Only once

It’s rarely as bad as we think it is.

It’s rarely as bad as we think it will be.

We put stakes on the things that happen to us and we never pause to think that it is us who determine how important outcomes are.

Is failing at a job truly that disastrous?

Is delivering a project late really so determinant of the company’s future success?

Is expressing our doubts or asking a difficult question truly going to jeopardize the relationship with a friend?

If a behavior is repeated across time, it is wise to take note and try to address it. But if it happens only once, is it really going to be that bad?

Probably not.

Time to heal

You need to give wounds proper time to heal.
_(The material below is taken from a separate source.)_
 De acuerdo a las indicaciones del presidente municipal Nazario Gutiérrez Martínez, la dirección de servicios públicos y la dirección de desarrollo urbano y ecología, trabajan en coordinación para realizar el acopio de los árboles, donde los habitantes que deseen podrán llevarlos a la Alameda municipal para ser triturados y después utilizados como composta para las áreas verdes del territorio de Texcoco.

Of course, you want to get back to work. Of course, you want people to accept your point of view and get back to their tasks. Of course, you are all working on something bigger and the time spent grieving is time not spent pursuing a new opportunity.
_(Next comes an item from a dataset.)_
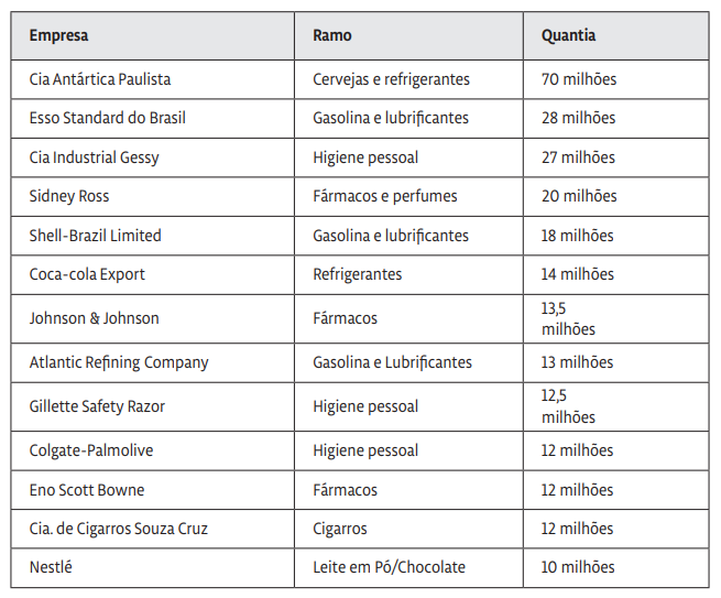 Fica ainda mais fácil entender este momento de transição da influência cultural francesa para a norte-americana entre os membros das camadas médias urbanas quando se tem acesso à lista das empresas que mais investiam em propaganda no pós-guerra. Excluindo Nestlé (Suíça), Shell (Bélgica) e Souza Cruz (Reino Unido), a maioria tinha a matriz nos Estados Unidos. Em 1947, as agências de publicidade destinaram 750 milhões de cruzeiros aos meios de comunicação.

But wounds do not heal as fast as you’d want them to. People do not heal as fast as you’d want them to. You do not heal as fast as you’d want to.

Give it time. And in the process, do listen. You will learn something about wounds, people, and yourself.
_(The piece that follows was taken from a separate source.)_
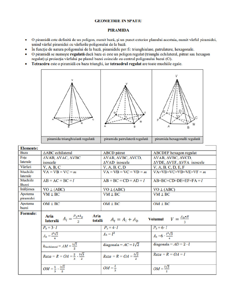 I Fie tetraedrul regulat VABC în care muchiile au lungimea de 3 cm. Calculaţi: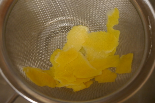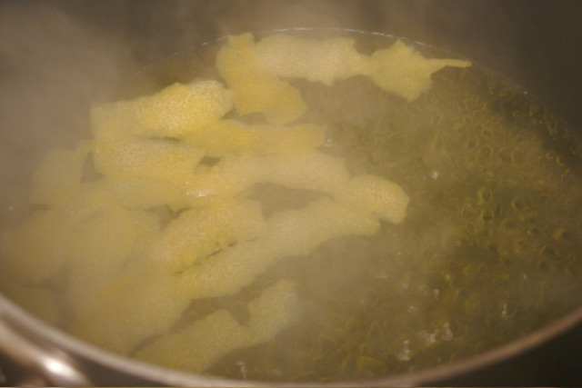 - Avec un économe, éplucher le zeste du citron. Mettre l’écorce dans de l’eau et porter à ébullition. Égoutter et faire à nouveau avec plus d’eau froide.

Getting ready for the next wound.

Give before you ask

You have to give before you can ask.

Lead with your expertise, your point of view, your research, your data, your guests, your knowledge before you actually ask to sign up. Even better, never ask. Set up a vision for your world so unique and appealing that people will want to be part of it without you even having to ask.

Sometimes you might get lucky. You might have people onboard before you have to do anything. That “free trial” banner might get enough curiosity for it to actually have an impact on your top line.

But don’t let luck misdirect you.

You have to give before you can ask.

Blessings

Mistakes are a blessing.

If you have the patience to acknowledge them, accept them, analyse them, and discuss them, they are the easiest and surest way to become better at what you are trying to do.

Tension

We live in the tension between a version of us we despise and a version of us we would like to become.

And we also live in the tension between our failures, which we see so vividly, and other people’s successes, which we fantasise a lot about.

When we get going, we often reach for the positive extreme. We are at our best and we aim to emulate those who have succeeded before. We know we can. Then we meet criticism, bad weather, rejection, difficulties of various kind, and we fall to the negative extreme. We are suddenly incapable to complete the most trivial task, unworthy of anybody’s attention, care, empathy.

Most reality, though, happens in the middle. And that’s also where we can anchor to achieve real and incremental progress.

It’s when we embrace the version of us we are today and the work we are doing today – neither bad nor good – that we get rid of the tension and we can start enjoying the journey.